WHAT NEEDS TO BE DONE: Looking at the data below, how many lines include the word "doll"? Respond with the number only.

MATERIAL PROVIDED:
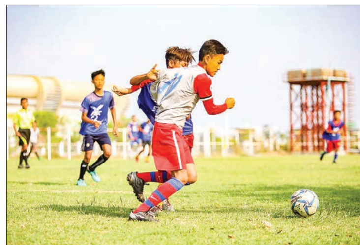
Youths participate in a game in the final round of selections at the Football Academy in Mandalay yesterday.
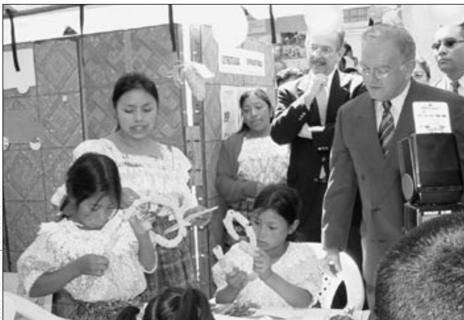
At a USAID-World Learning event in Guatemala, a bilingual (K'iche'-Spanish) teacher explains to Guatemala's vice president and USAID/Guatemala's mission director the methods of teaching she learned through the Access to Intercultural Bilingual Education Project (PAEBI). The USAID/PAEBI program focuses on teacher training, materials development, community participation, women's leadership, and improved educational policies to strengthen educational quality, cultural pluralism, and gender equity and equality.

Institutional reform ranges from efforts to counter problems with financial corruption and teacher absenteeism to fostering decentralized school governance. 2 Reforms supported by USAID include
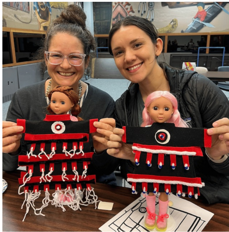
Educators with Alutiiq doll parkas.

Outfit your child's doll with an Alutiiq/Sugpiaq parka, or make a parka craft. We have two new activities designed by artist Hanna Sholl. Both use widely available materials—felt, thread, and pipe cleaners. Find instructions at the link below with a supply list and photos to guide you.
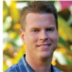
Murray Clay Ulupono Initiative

FINISHED TASK: 2